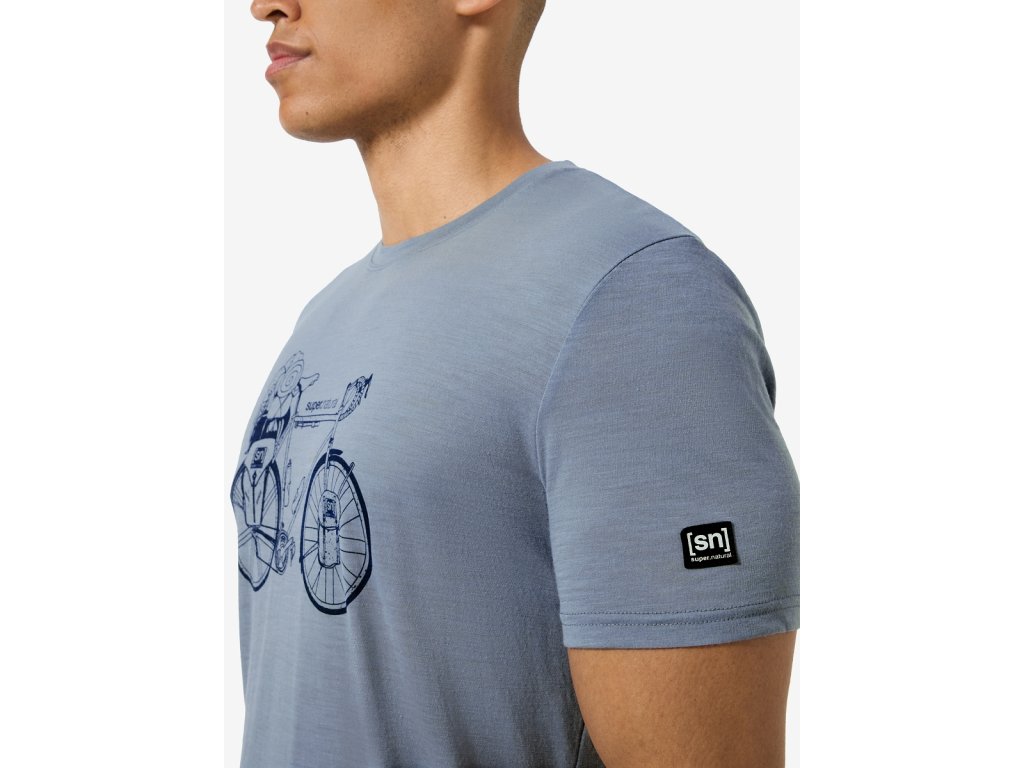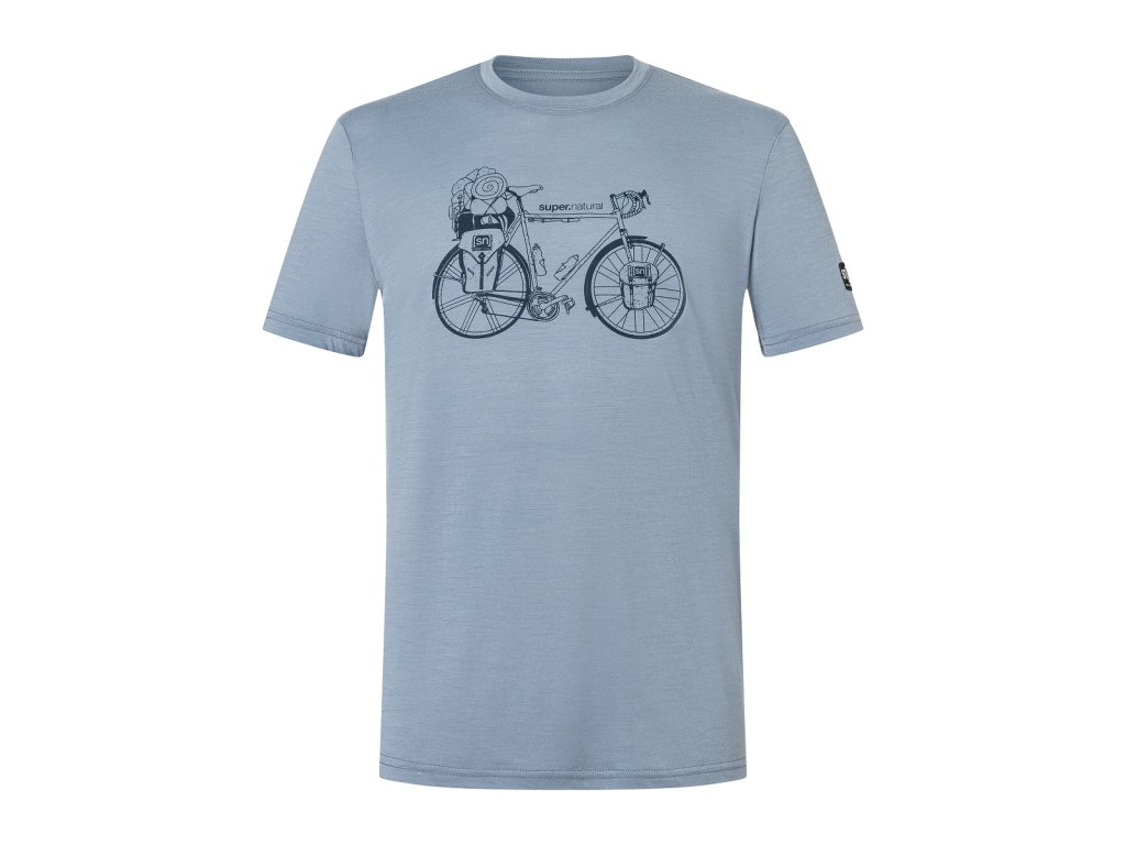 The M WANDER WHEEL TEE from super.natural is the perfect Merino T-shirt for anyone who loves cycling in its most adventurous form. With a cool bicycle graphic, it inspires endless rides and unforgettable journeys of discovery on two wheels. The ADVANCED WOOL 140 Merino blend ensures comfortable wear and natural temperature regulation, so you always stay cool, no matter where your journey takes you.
--
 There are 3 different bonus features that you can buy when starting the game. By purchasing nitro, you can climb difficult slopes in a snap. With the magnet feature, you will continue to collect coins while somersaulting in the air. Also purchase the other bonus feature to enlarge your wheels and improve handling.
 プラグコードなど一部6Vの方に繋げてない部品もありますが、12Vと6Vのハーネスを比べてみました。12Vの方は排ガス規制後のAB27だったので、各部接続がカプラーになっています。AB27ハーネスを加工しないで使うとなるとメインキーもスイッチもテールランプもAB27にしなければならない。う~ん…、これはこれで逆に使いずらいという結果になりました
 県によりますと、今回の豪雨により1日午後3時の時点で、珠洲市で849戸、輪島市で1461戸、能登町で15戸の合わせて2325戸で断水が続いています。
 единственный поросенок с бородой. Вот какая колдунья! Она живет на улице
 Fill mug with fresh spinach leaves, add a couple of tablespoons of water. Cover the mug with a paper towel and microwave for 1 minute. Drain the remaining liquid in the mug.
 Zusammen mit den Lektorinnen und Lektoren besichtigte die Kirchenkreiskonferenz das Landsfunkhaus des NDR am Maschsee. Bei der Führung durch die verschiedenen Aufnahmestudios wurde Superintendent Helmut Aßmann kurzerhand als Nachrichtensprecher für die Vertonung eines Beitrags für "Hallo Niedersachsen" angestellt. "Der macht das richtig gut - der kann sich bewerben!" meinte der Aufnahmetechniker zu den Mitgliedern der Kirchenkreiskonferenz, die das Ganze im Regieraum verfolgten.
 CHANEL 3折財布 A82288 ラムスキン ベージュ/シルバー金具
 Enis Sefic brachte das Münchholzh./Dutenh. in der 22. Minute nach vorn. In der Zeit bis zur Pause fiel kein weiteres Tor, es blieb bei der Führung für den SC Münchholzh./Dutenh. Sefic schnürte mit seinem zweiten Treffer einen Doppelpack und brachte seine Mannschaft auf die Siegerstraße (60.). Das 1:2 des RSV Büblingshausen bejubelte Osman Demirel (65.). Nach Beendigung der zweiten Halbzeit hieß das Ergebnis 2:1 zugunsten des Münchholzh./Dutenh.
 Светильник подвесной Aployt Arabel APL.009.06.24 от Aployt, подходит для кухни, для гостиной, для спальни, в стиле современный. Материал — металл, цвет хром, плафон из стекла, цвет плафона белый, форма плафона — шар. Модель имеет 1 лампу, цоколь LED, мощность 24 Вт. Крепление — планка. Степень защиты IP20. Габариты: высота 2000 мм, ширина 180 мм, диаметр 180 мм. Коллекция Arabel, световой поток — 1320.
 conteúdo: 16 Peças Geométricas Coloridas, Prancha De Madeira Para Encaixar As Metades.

Work item — For this exercise, output exactly the lines above from the line with "Fill mug with" to the line with "CHANEL 3折財布 A82288 ラムスキン ベージュ/シルバー金具", counting both, and leave out the rest.

Expected answer —
 Fill mug with fresh spinach leaves, add a couple of tablespoons of water. Cover the mug with a paper towel and microwave for 1 minute. Drain the remaining liquid in the mug.
 Zusammen mit den Lektorinnen und Lektoren besichtigte die Kirchenkreiskonferenz das Landsfunkhaus des NDR am Maschsee. Bei der Führung durch die verschiedenen Aufnahmestudios wurde Superintendent Helmut Aßmann kurzerhand als Nachrichtensprecher für die Vertonung eines Beitrags für "Hallo Niedersachsen" angestellt. "Der macht das richtig gut - der kann sich bewerben!" meinte der Aufnahmetechniker zu den Mitgliedern der Kirchenkreiskonferenz, die das Ganze im Regieraum verfolgten.
 CHANEL 3折財布 A82288 ラムスキン ベージュ/シルバー金具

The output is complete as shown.